Back to blog
engineering

Why our public API uses HMAC signing instead of JWTs

A short and opinionated piece on why we picked HMAC + timestamp for the public license API.

KeyStack team

Founding team · May 10, 2026

Why our public API uses HMAC signing, not JWTs

If you skim the KeyStack docs the first thing that jumps out is the public API doesn't use plain Authorization: Bearer <token>. Instead, every request must include a timestamp and an HMAC-SHA256 signature.

Why?

1. JWTs leak too easily

A bearer token in the URL bar, in a log file, in an error report, in a third-party SDK — that's a full compromise.
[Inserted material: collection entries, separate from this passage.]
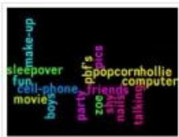
sleepover by Anonymous 0 minutes ago More...
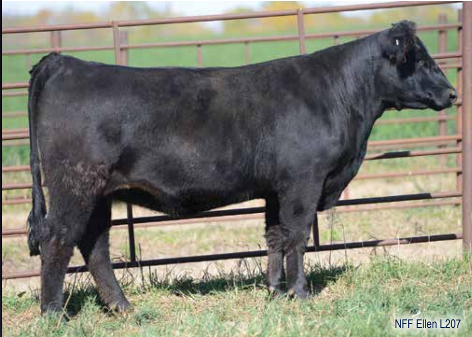
NFF Ellen L207
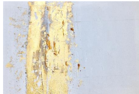
"No Title", 2017 Acrylic and metal leaf on canvas, 70 x 100 cm
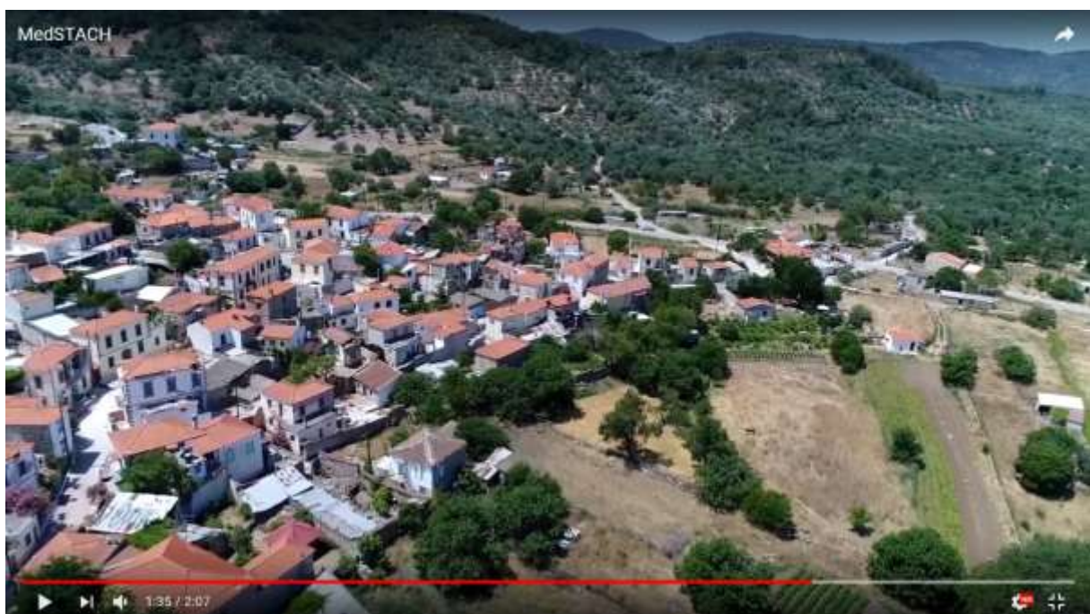
Survey drone image of a village in Cyprus
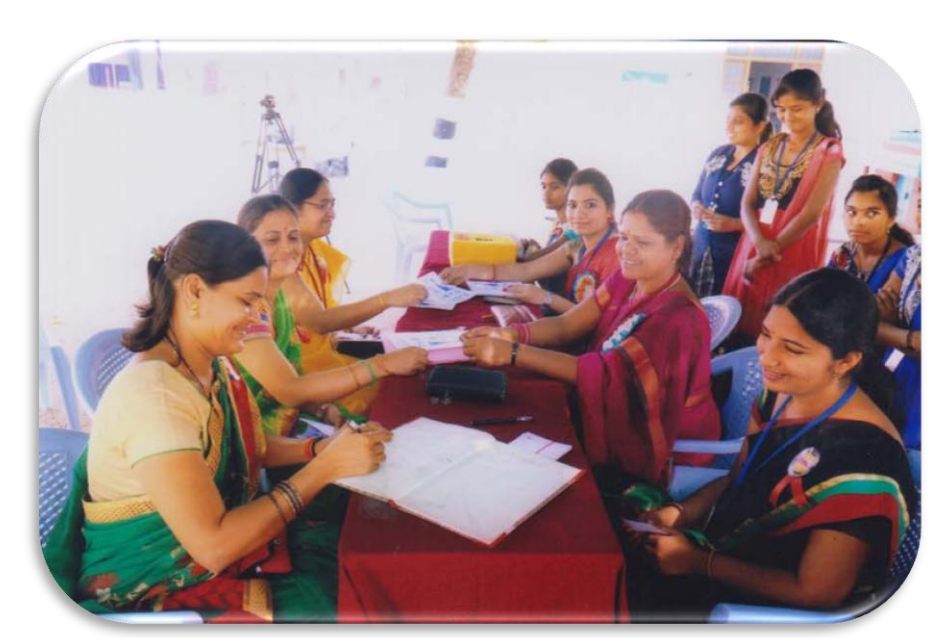
Alumnae at the Registration Counter
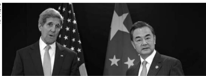
China's Foreign Minister Wang Yi, right, listens while U.S. Secretary of State John Kerry talks before a bilateral meeting at the Putra World Trade Center in Kuala Lumpur

China rejects any U.S. involvement and insists it has the right to continue the recla-
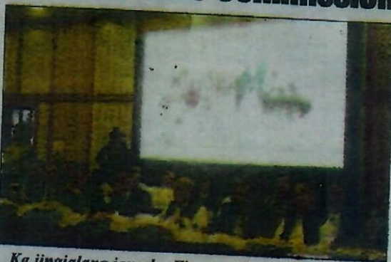
Ka jingialang jong ka Finance Commission ba 15.
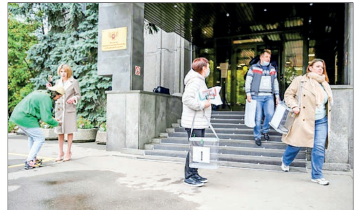
Four regions of Ukraine - Luhansk, Donetsk, Kherson and Zaporizhzhia - would be folded into Russia during a Kremlin ceremony attended by President Vladimir Putin.

The rhetoric built on his now famous phrase that the fall of the USSR was a tragedy, and he has recently suggested Moscow should again extend its influence over the former Soviet region.—AFP
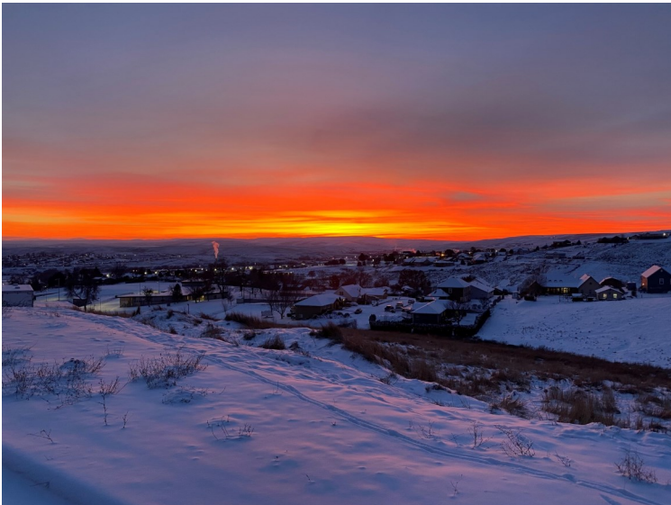
The sun sets over a snow-covered Pendleton in this Jan. 15, 2024 photo

Most of the winter weather procedures follow priority lists, which are available on the City of Pendleton website under Public Works Documents. Crews begin at the top of the first priority list and move down the list(s) as time and conditions allow. Crews from Public Works handle roads and publicly owned sidewalks, staircases, and parking lots; crews from Parks and Recreation handle walkways and roads in and around City Hall and City Parks, including roads at Olney Cemetery.
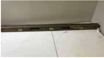
Lot#20293. 2- 48 inch brass bound levels
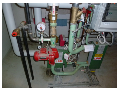
Heat distribution room, Suoniemenkatu 4
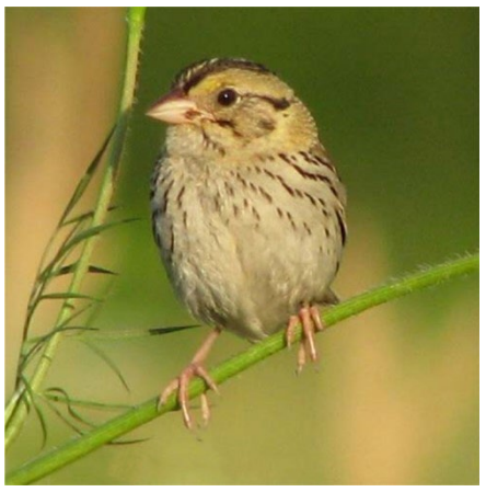
A Henslow's sparrow, one of the current MSS. If the Henslow's sparrow becomes federally listed, training impacts could occur on midwestern and eastern installations with grasslands.

other migratory birds are declining, DoD PIF focuses on MSS because these species have high potential to impact military testing, training, and safety missions should they become ESA listed. This list consists of 15 bird species that are present on multiple DoD installations and are at risk of becoming federally protected under the ESA if current population declines continue.
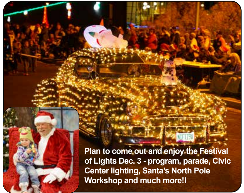
Plan to come out and enjoy the Festival of Lights Dec. 3 - program, parade, Civic Center lighting, Santa's North Pole Workshop and much more!!

fun for all ages. Night Light Parade entries are open until the end of November. Call the PV Chamber for information at 928-772-8857.
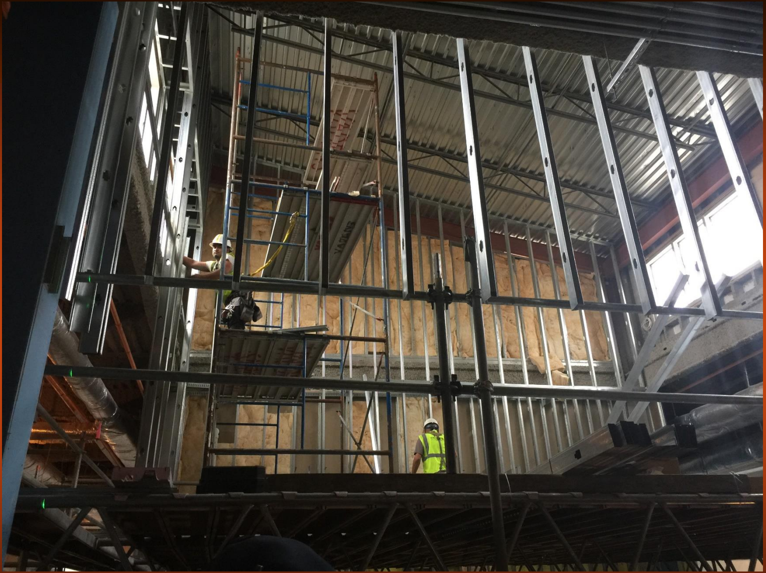
Walsh Elementary Framing Walls at Main Stair Clearstory
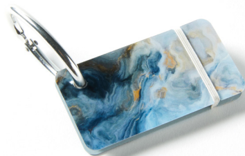
Blue & Gold Marble BGMBL
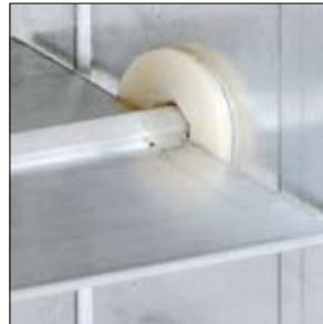
Parallel blade with extruded lip for low leakage.
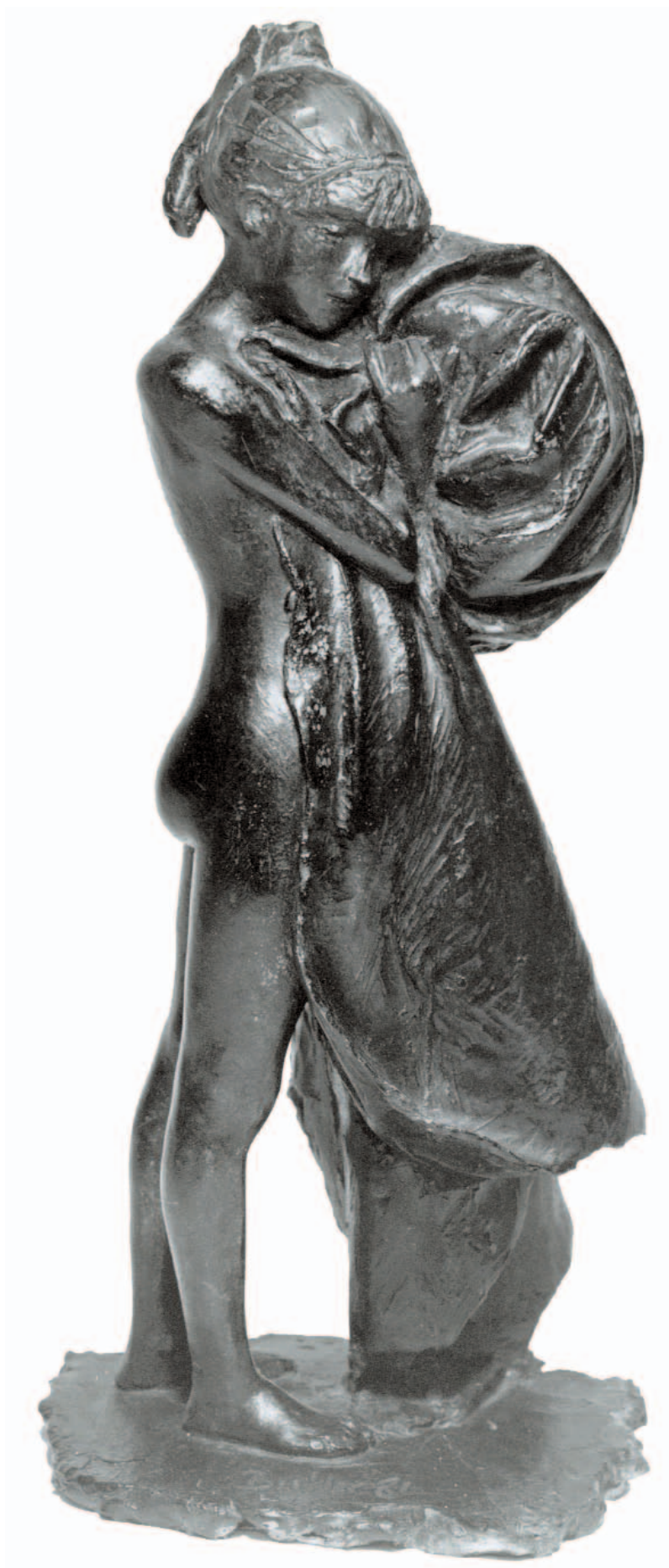
Girl with a Blanket edition 6/10 12cms

HMAC signatures are computed per-request, so even if the signature leaks, it's only valid for ~5 minutes against the exact body it was generated for.

2. Replay protection comes free

Pair the timestamp with a Redis nonce store and you have replay protection without inventing a separate nonce scheme. We give you 5 minutes of clock skew tolerance and remember every signature for 10 minutes. Send the same request twice — 409 api/timestamp-replay.

3. Rotation without downtime

A leaked API secret can be rotated in seconds. Old clients keep working until you flip the kill switch; new clients pick up the new secret on next request. JWTs require a longer dance with refresh tokens and denylists.

4. It costs you ~5 lines of code

const sig = crypto
  .createHmac('sha256', secret)
  .update(`${ts}.${body}`)
  .digest('hex');

That's it. Compared to "set up JWT issuer, rotate keys, handle exp, handle nbf, distribute JWKS endpoint" the operational cost is trivial.

When we do use JWTs

For dashboard sessions where:

  • The client is a browser (so timestamp skew is a real headache).
  • The traffic is one-tenant-at-a-time (so rotation cost is low).
  • You want short-lived access tokens + refresh tokens to keep "log everyone out" cheap.

There, JWTs are fantastic. They're just not the right tool for a public API hit by every install of your shipping product.